I don’t mean to hog the blog, but when I look at pictures of the Columbia Bank bldg that stood at 4th & Main, the old C-J @ 4th & Liberty (a lot of people called it the “Will Sales Bldg”), the M&M bldg at the old fairgrounds on Cecil Avenue (still standing with its’ glazed brick exterior painted over), the Nat’l Theater at 5th & Walnut, the old Baptist Seminary, the old U.S. Customs House & P.O. (and on and on) I wonder “what were they thinking?” Of course everything requires money. But, look at the Henry Clay, the PRP Bldg on 4th Street, the Seelbach, the Brown, the old YWCA and what can be done when a structure is saved.
i’ve heard it said before that the only reason louisville has what we still DO have is that the we were so broke when other cities were ripping their historic districts down. we just couldn’t afford to tear down west main street, for instance.
we’re looking at things with different perspective, of course. there was a time when everyone wanted to be modern because to be modern was to be optimistic and orderly – none of the messy dirt-collecting distracting ornament.
wish we could find a happy middle ground: in the 21stC we should be building 21stC buildings, but we should protect our historic legacy, too. unfortunately it seems the pendulum has swung too far the other way and most folks want to make new buildings that look like the old ones – an inclination that confuses, and which undermines the integrity of the old and the relevance of the new.
I agree. It’s an interesting tension – the urge to be archivists and the urge to invent. Save and create – and copy, yes.
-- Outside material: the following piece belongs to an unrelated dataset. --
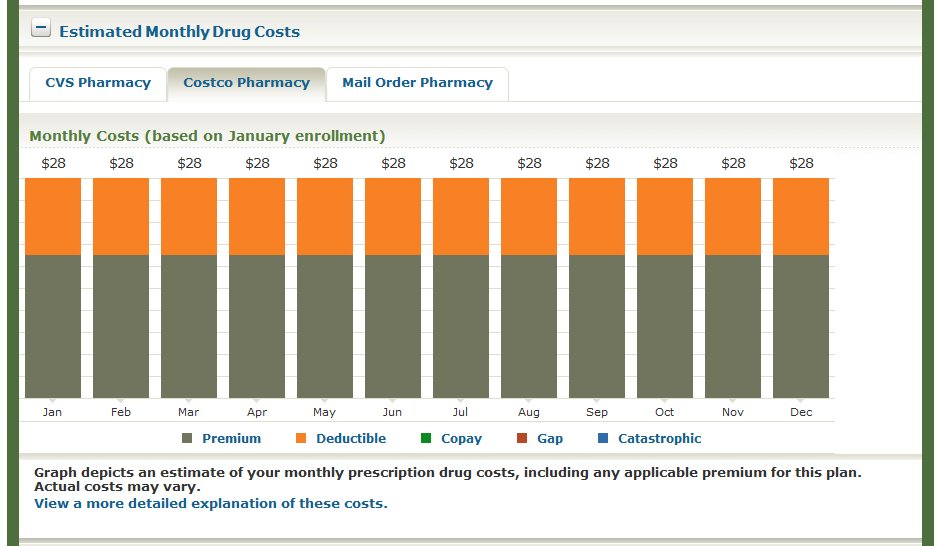 The previous window shows the estimated monthly cost (premium and deductible) for prescriptions at Costco Pharmacy.

I’m still wrestling with the question of how we decide, and what we should decide about saving, re-imagining, and replacing.
Funny thing… I wanted the book you recommended and immediately called Carmichael’s. They told me it was out of print and might as well, alas, go to Amazon. I did. I found a used one from a bookseller in … Louisville! Buy Local First after all!
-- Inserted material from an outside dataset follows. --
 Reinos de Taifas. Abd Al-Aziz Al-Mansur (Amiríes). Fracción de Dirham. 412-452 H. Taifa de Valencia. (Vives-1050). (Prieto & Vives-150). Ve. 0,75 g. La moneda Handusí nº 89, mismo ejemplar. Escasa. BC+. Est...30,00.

Just got it today. Look forward to reading it.
Concerning your inquiry as to when the old Trinity Temple Methodist Church was torn down to make way for the new. The name was actually changed to Trinity United Methodist Church as the word Temple was elliminated in 1962. Demolition of the old began immediately after the Christmass service of 1959. The original three manual pipe organ was removed and stored at the Whittenburg warehouse on Floyd Street which was destroyed by fire in 1967. Many of the priceless stained glass windows were reinstalled in the new facility. The names of the actual owners/builders of which were emblazended and displayed on a bronz plaque in the main lobby of the new facility has since been removed and on display elsewhere. The original owners of the Trinity Towers facility were taken entirely by surprise and shock in 1996 when subjects from the Methodist Headquarters suddenly entered the sanctuary durring sunday morning services asserting control. However, two chain of events occurring one in the first half the sixties involving the original civil action against the primary buildings’ contractor (facilities boilers) ultimately in favor of Trinity Towers and the other in the mid sixties involving an unsuccessful apparent takeover manuver by the methodist conference headquartes appears to have effectively rendered to the original owners entire ownership and controll. Corporate documents and FHA records tend to support this contention. It is generally agreed upon to this day that the original action post 1996 may legally flawed and present ownership may be in question.